Pinecone has released templates to help developers and technical teams build and deploy applications that address four common scenarios with the scale and performance advantages of a vector database. And Pinecone is providing a benchmark guide that can be used to assess the vector database’s performance using an organization’s own data sets.
The use cases are an important step forward because vector databases are relatively new in the world of cloud databases. A vector database stores, searches, and retrieves vectors, which are long strings of numbers representing documents, images, and other data types used in machine learning applications. They can be used for recommendations, personalization, image search, and more.
Pinecone’s vector database, which is in beta availability, provides similarity search as a service on AWS and Google Cloud. Pinecone has published templates to help users get started with four scenarios:
IT threat detection. Pinecone shows how to build a network intrusion detector using deep learning and similarity search. By checking the similarity of incoming threats with known attacks, the database is able to detect “rare” events that may represent a potential threat.
Semantic text search. Pinecone outlines how to create a semantic text search capability for online news articles using short, simple queries. To do it, vector representations of the articles are stored in the database index.
Extreme classification. The idea is to label new items automatically when the number of possible labels is “enormous” or extreme, such as matching web content to relevant advertisements. In the example provided, 250,000 labels are converted into vector embeddings.
Video recommendations. The challenge here is to provide movie recommendations based on similar user ratings (on a scale of 1 to 5), but it is complicated by the fact that the ratings are sparse relative to all movies and biased because the user ratings are distributed differently. The solution involves a dataset of movie recommendations, deep learning models for both movies and users, and a deep ranking model to score user/movie pairings for improved relevance of recommendations.
Billions of vectors
In addition to those use cases, Pinecone has introduced a benchmarking guide for testing performance and accuracy against its similarity search using an organization’s own data.
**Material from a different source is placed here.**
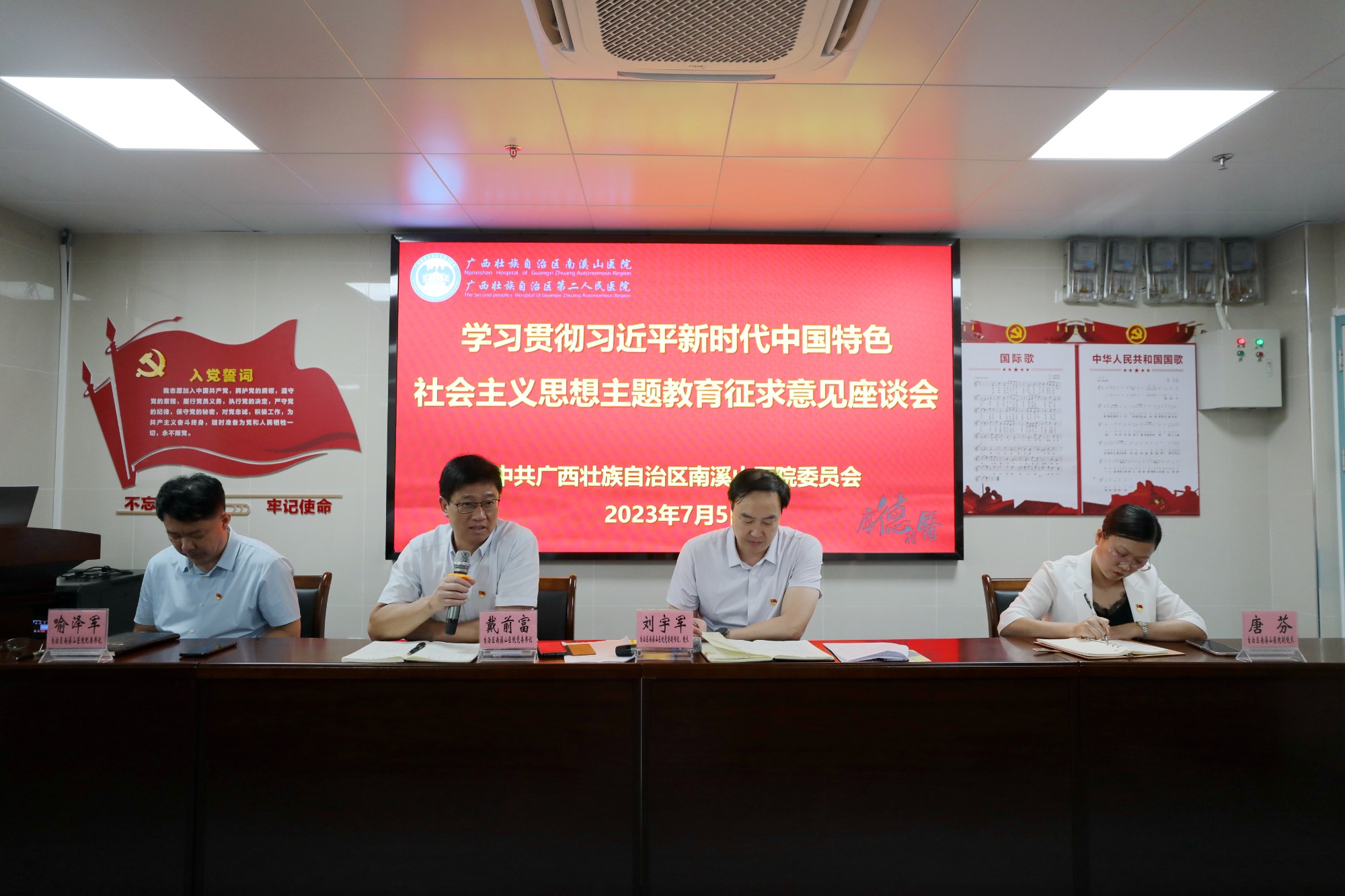7月5日,广西壮族自治区南溪山医院党委召开学习贯彻习近平新时代中国特色社会主义思想主题教育征求意见座谈会。医院领导班子认真听取各方意见,深刻检视存在问题,积极回应职工关切的问题,共谋医院高质量发展,确保主题教育取得实效。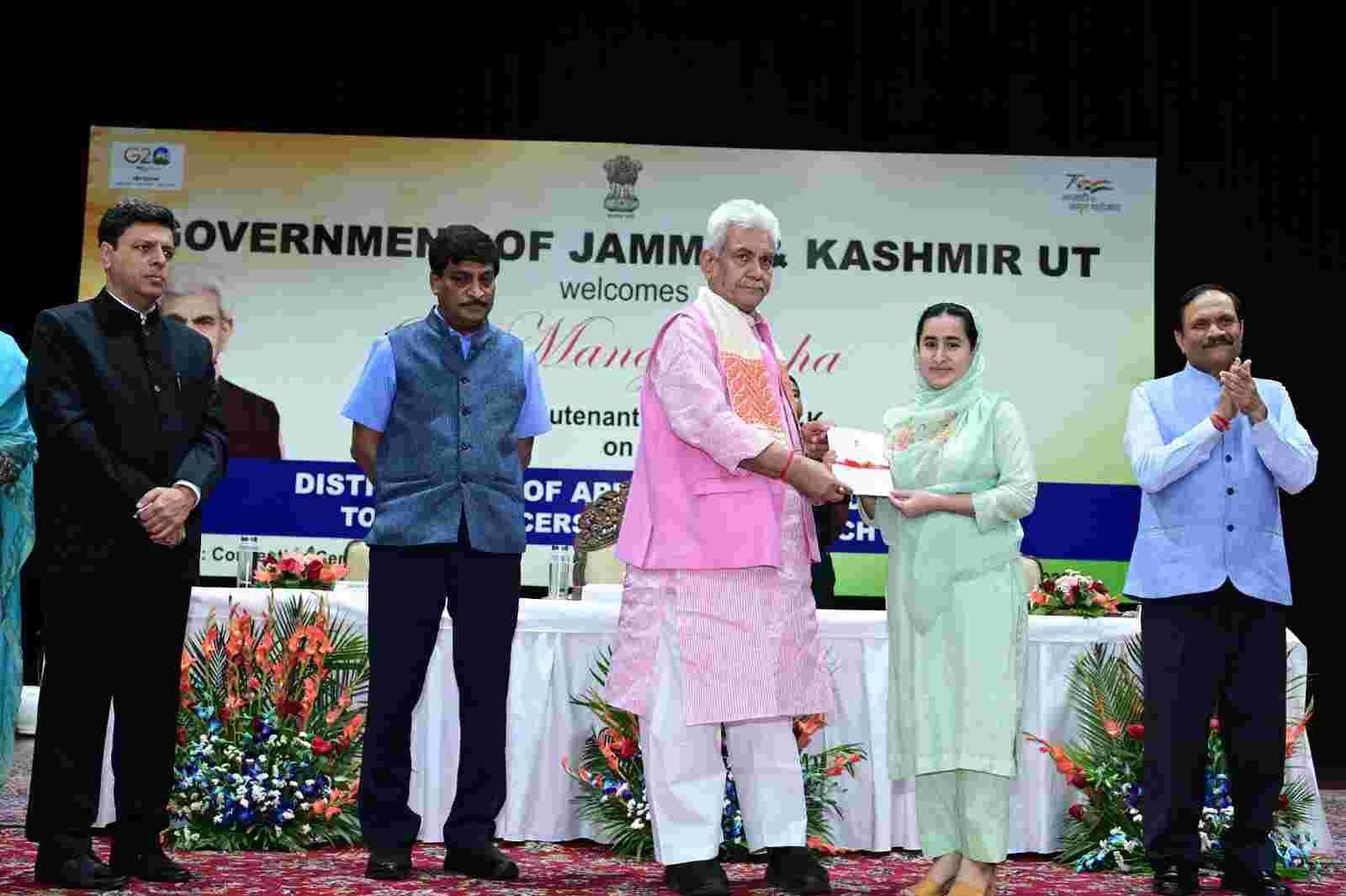 JAMMU, APRIL 25: Lieutenant Governor Shri Manoj Sinha handed over appointment orders to newly inducted recruits of J&K Administrative Service, J&K Police Service and J&K Accounts Service, at Convention Centre today.

The tutorial addresses how to measure indexing runtime, query runtime, and other metrics, for both exact and approximated searches.
And finally, Pinecone is providing early access to an upcoming capability called Managed FAISS. An acronym for Facebook AI Similarity Search, FAISS is a library that developers use to search for embeddings of multimedia documents that are similar. With FAISS as a managed cloud service, Pinecone aims to scale to billions of vectors without the operational complexity of a self-hosted approach.
Bigger, better, faster
The application templates and other new developments are signs that Pinecone’s vector database is maturing, and they are prerequisites for Pinecone’s general availability as a cloud service.
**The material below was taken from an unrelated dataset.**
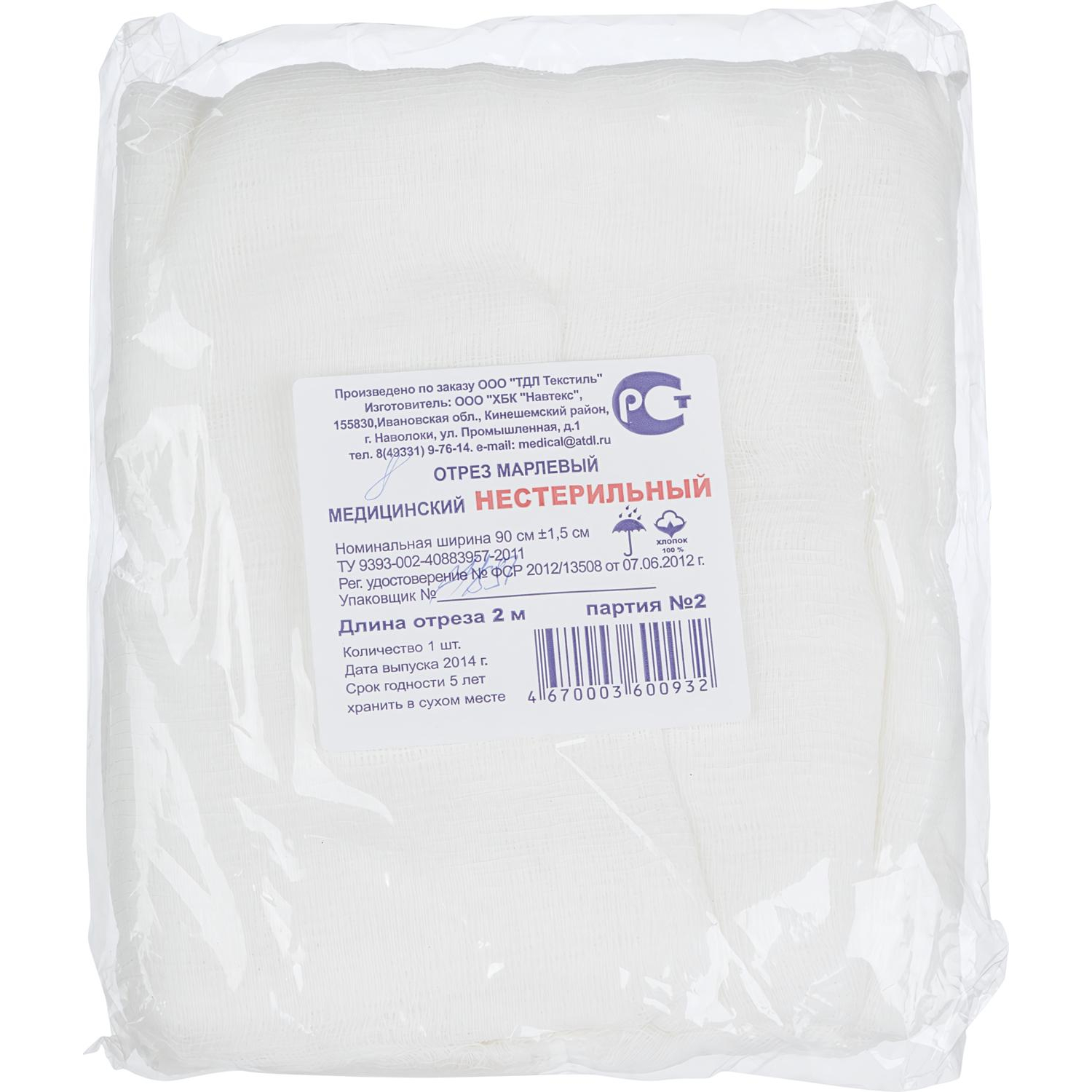 Назначение: марлевые отрезы применяются в медицинских учреждениях для изготовления индивидуальных перевязочных материалов. В случаи контакта с открытой раневой поверхностью могут использоваться только после стерилизации.

When I talked to Pinecone founder and CEO Edo Liberty recently, he said the company is focused on the “production readiness” of its platform. By the end of this year, he said, the Pinecone vector database will be “much more capable, bigger, better, faster, and easier to use.”
Listen to the podcast: Pinecone Systems CEO Edo Liberty: The Cloud Database Report Podcast
Pinecone, a startup, exited stealth mode in January with $10 million in seed funding from Wing Venture Capital, an early-stage investor in Snowflake. That has prompted comparisons to Snowflake’s cloud database platform model.
Liberty says businesspeople are interested in understanding how machine learning can be applied to meet their own business objectives. “They go to their chief scientist or CTO and say, ‘Why don’t we do that?’”
The new use cases and real-world benchmarks should help elevate those conversations from the arcane technical details of vector databases to business solutions and opportunities.